Abstract

ABSTRACT:

The article contributes to scholarly conversations around the global prestige and appropriation of texts and forms by considering some implications of the role of "Achebe" as an exemplary author figure in the formation and reproduction of Africa's novelistic canon. I begin to propose new categories for critical engagement with "the African novel" via rereading The Arrow of God alongside Dominic Mulaisho's 1971 The Tongue of the Dumb. Written "after Achebe" and revered for being the first Zambian novel to reach global markets, Mulaisho's novel has also been disparaged for not living up to the literary standards set by the master texts of African realism. I problematize the center-periphery relations in "the African republic of letters," and Mulaisho's ambivalent positioning within it, by outlining certain key literary-historical processes in southeastern Africa before the fall of Apartheid and by interrogating the critical reception of his novel, which emerged out of those circumstances.

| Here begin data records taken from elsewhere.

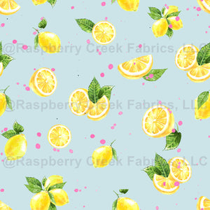 Lemons on blue/ Lemon fabric/ kitchen/ summer/ fruit fabric
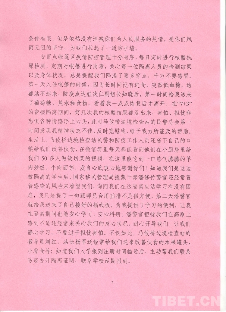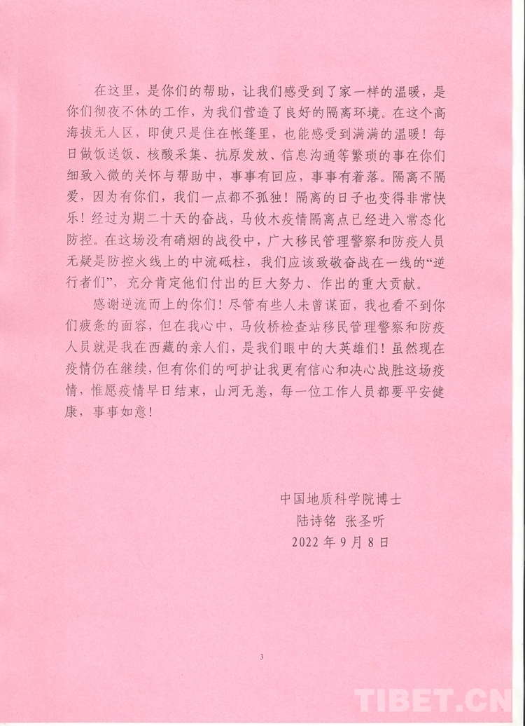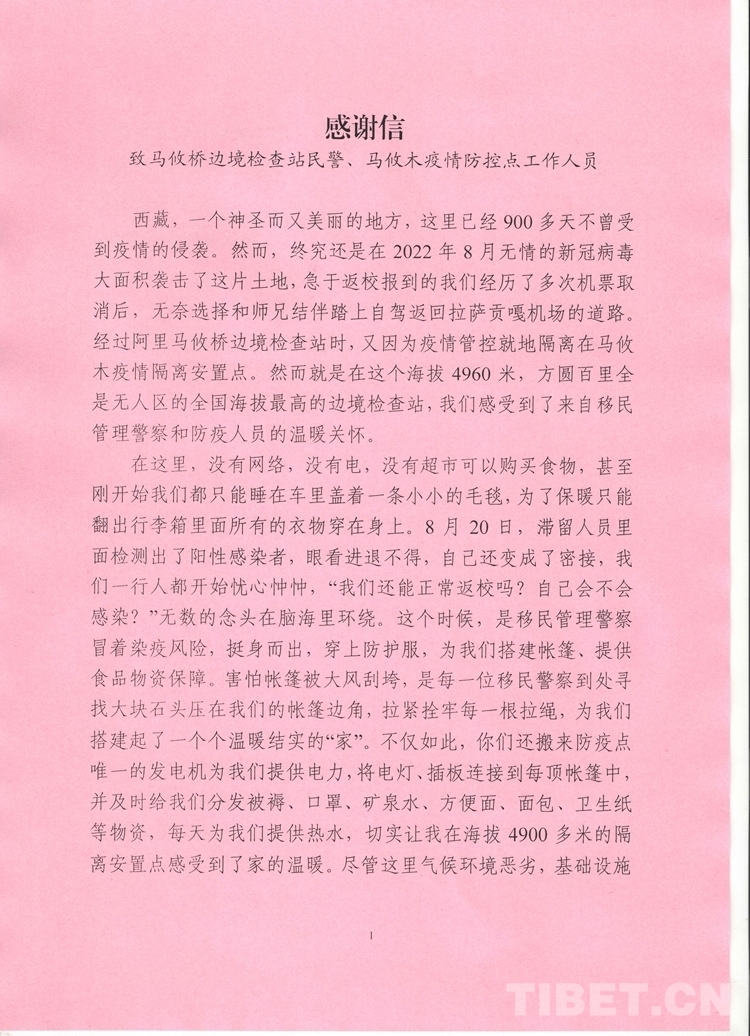 中國(guó)西藏網(wǎng)訊 “感謝逆流而上的你們!盡管有些人未曾謀面,我也看不到你們疲憊的面容,但在我心中,馬攸橋邊境檢查站移民管理警察,就是我在西藏的親人們,是我們眼中的大英雄們!”這段感人肺腑的言語(yǔ)來(lái)自西藏出入境邊防檢查總站阿里邊境管理支隊(duì)馬攸橋邊境檢查站臨時(shí)安置點(diǎn)馬攸木2名博士的一封感謝信。
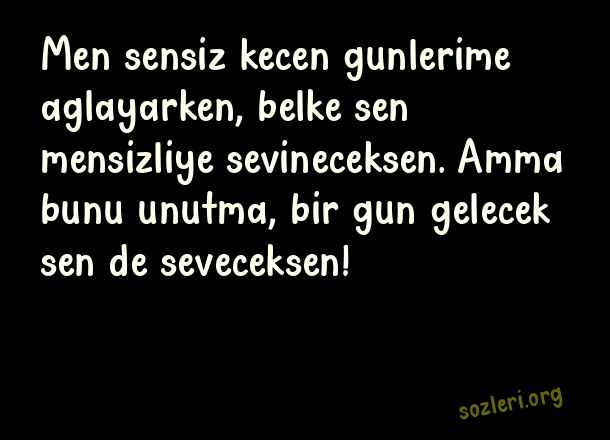 Men sensiz kecen gunlerime aglayarken, belke sen mensizliye sevineceksen. Amma bunu unutma, bir gun gelecek sen de seveceksen! ( Azerice Sevgi )
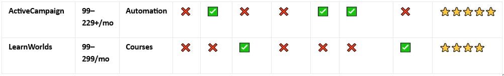 ✅ Complete feature set — CRM, funnels, email, courses, memberships, automation all included
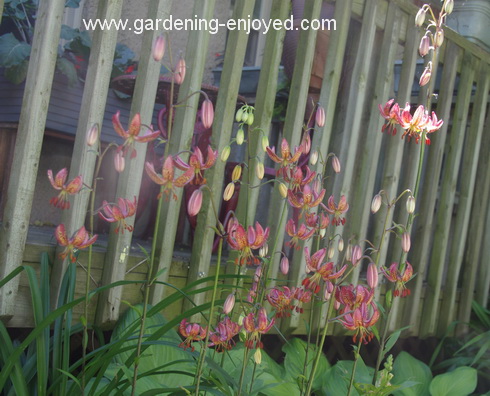 These delightful little flowers are Martagon Lilies. I love them because they are always the first Lilies to bloom and they are happy in a reasonable amount of shade.
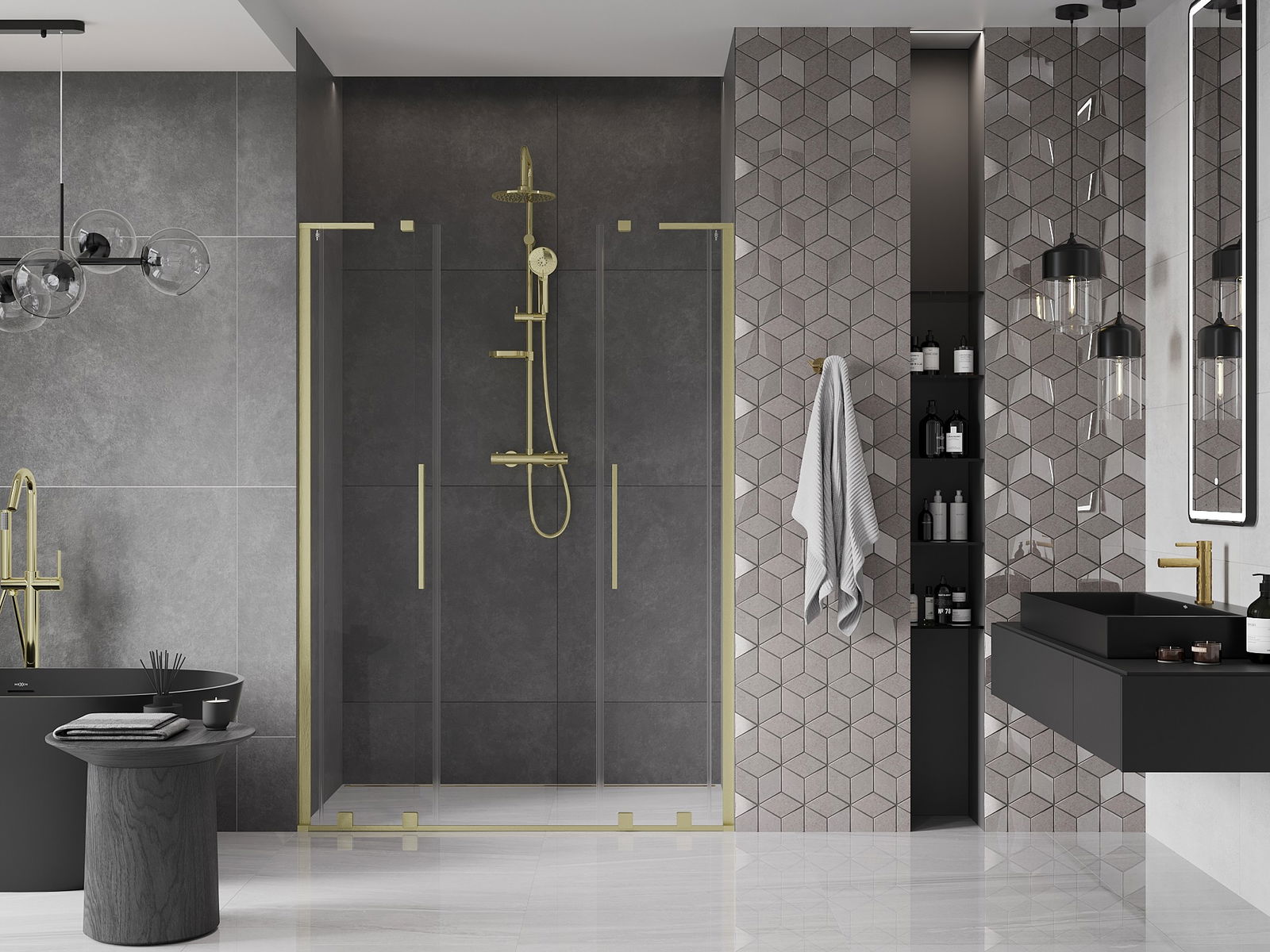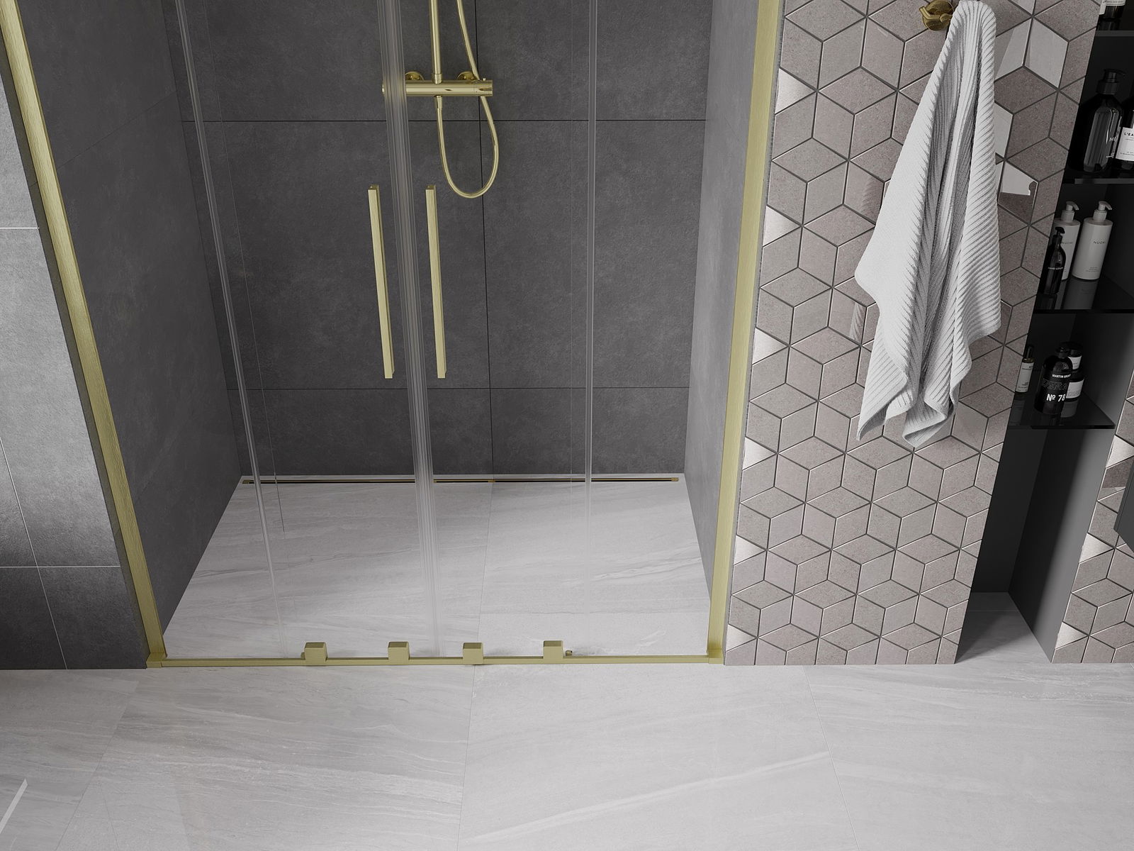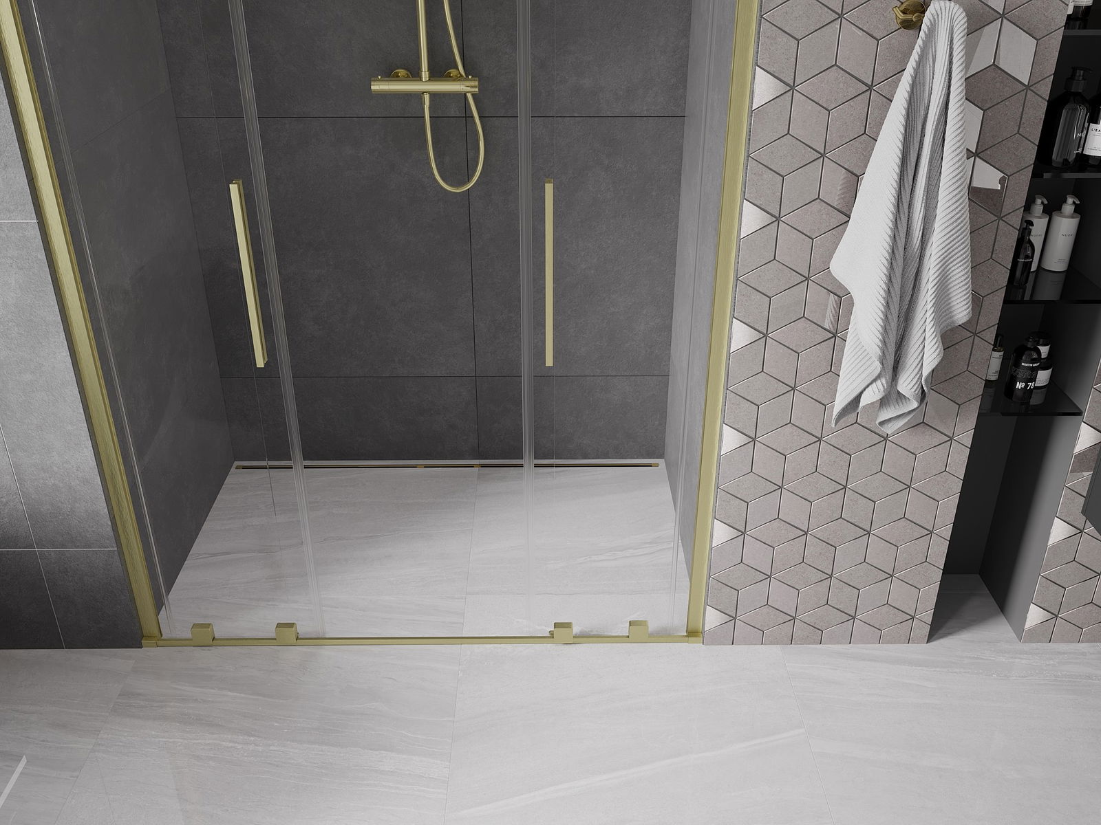 Mexen Velar L Duo sliding shower doors 160 cm, transparent, brushed gold - 871-160-003-02-55

While it is true that The Tongue of the Dumb appropriates certain elements of Achebean realism, I contend that it should more properly be read as part of a related but distinct local realist tradition based on Bakhtinian adventure time. The article argues for broadening the spectrum of critical approaches to the reading and circulation of Africa's fictions and against detracting from Achebe's literary achievement by turning it into a discursive tool for effacing the continent's non-globalized literary production.